- Episode no.: Season 1 Episode 22
- Directed by: Adam Davidson
- Written by: Chris McKenna
- Production code: 124
- Original air date: April 29, 2010

Guest appearances
- Lisa Rinna as Chantelle Cahill; Jared Kusnitz as Mark Cahill; Dean Collins as Scott Waugh; Aaron Hill as Pizza Guy; Richard Erdman as Leonard; Jillian Rose Reed as Kelly Cortlandt;

Episode chronology
| ← Previous "Contemporary American Poultry" | Next → "Modern Warfare" |
- Community (season 1)

= The Art of Discourse =

"The Art of Discourse" is the twenty-second episode of the first season of the American comedy television series Community. It aired in the United States on NBC on April 29, 2010.

== Plot ==
Abed (Danny Pudi) shares with the group his film-inspired social goals for an ideal first year of college, including pantsing. This goal is quickly realized when he and Troy (Donald Glover) pull each other's pants down. Pierce (Chevy Chase), eager to participate in the group's fun, proceeds to pull down Shirley's (Yvette Nicole Brown) pants, which deeply offends her. When Pierce refuses to apologize, dismissing it as a harmless joke, the group decides to kick him out. However, they soon realize that without Pierce, they no longer have a scapegoat to direct their frustrations at. This leads them to try to convince Pierce to apologize, but when he fails to do so sincerely, Shirley decides to leave the group instead. Ironically, this situation causes Shirley and Pierce to bond while spending time together in the library.
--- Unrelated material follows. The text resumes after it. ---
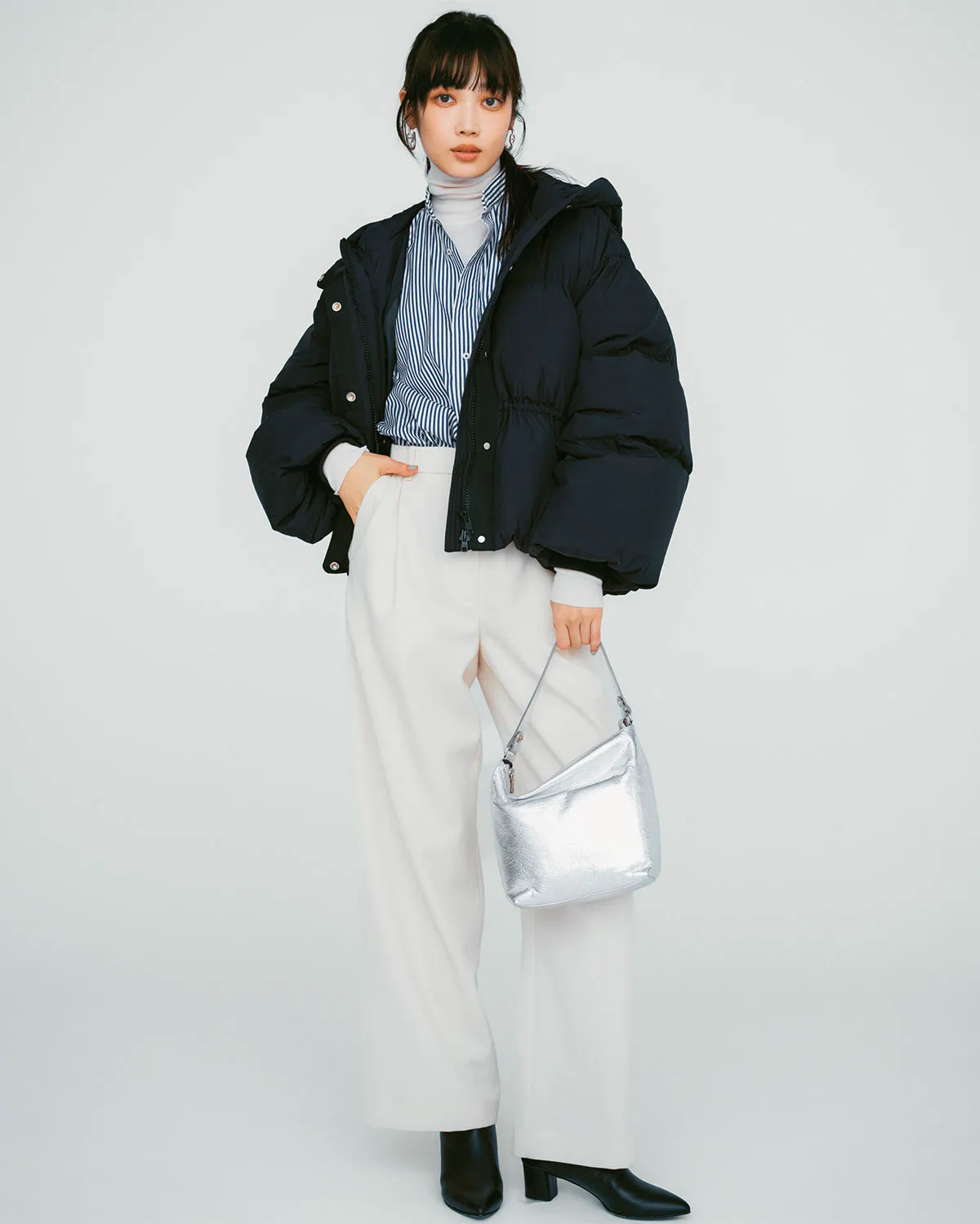 寒い日の通勤は冷え対策を重視したいところ。ダウンを着てオフィスに行くなら、ショート丈が動きやすく脱いだときもスマート。さらに、ワイドパンツとの相性抜群で、簡単にスタイルアップが叶います。全身が重くならないようパンツは白を選んで爽やかに。

Meanwhile, as Troy helps Abed complete his list of social goals, Jeff (Joel McHale) and Britta (Gillian Jacobs) find themselves mocked for attending community college by a group of high school students taking early classes at Greendale. Seeking revenge, Jeff decides to seduce the leader's mother. His plan initially succeeds, but it backfires when she finds out the truth and begins behaving immaturely, similar to the high schoolers. This culminates in a mimicry battle between Jeff, Britta, and the high schoolers in the cafeteria, which goes on for several minutes. The battle ends when Shirley and Pierce pants the students, distracting them enough to lose. In retaliation, the high schoolers start a food fight, which happens to be another item on Abed's list of goals.
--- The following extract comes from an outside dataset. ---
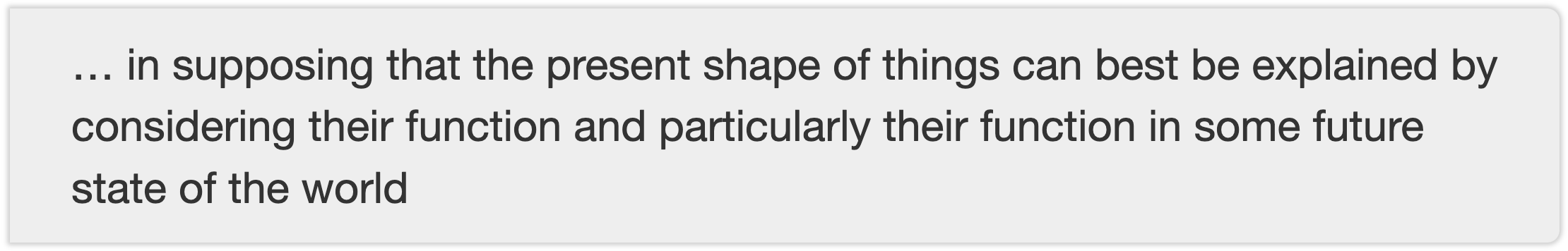 David contrasts a โteleologicalโ with a โgenealogicalโ mode of thinking about these things.

In the episode's end tag, Troy and Abed sit in the student lounge discussing their "porn names", derived from the name of their grade school and favorite soft drink.

== Cultural references ==
Abed and Troy's storyline in this episode parodies college-set comedy films, particularly the 1978 film Animal House. References include Abed smashing Pierce's guitar, Abed and Troy dressing up in togas, and the use of freeze-frame labels at the end of the episode that reveal the personal futures of both the main characters and one-off characters. Although he wasn't in Animal House, Chevy Chase, who plays Pierce Hawthorne, had connections to the film's cast and crew due to his work with National Lampoon, his time on Saturday Night Live, and his role in the 1980 sports comedy film Caddyshack.

Jeff tries to mock one of his bullies by joking that his mother was going to audition for Real Housewives ; Lisa Rinna, a later star on Real Housewives of Beverly Hills, plays the bully's mom.

== Reception ==
Around 4.36 million Americans watched "The Art of Discourse."

Emily VanDerWerff of The A.V. Club gave the episode a grade of 'B', stating that while she "liked the other two plotlines in the episode quite a bit", the main Jeff/Britta plot was difficult to enjoy because she "just couldn't get past how irritating the characters were."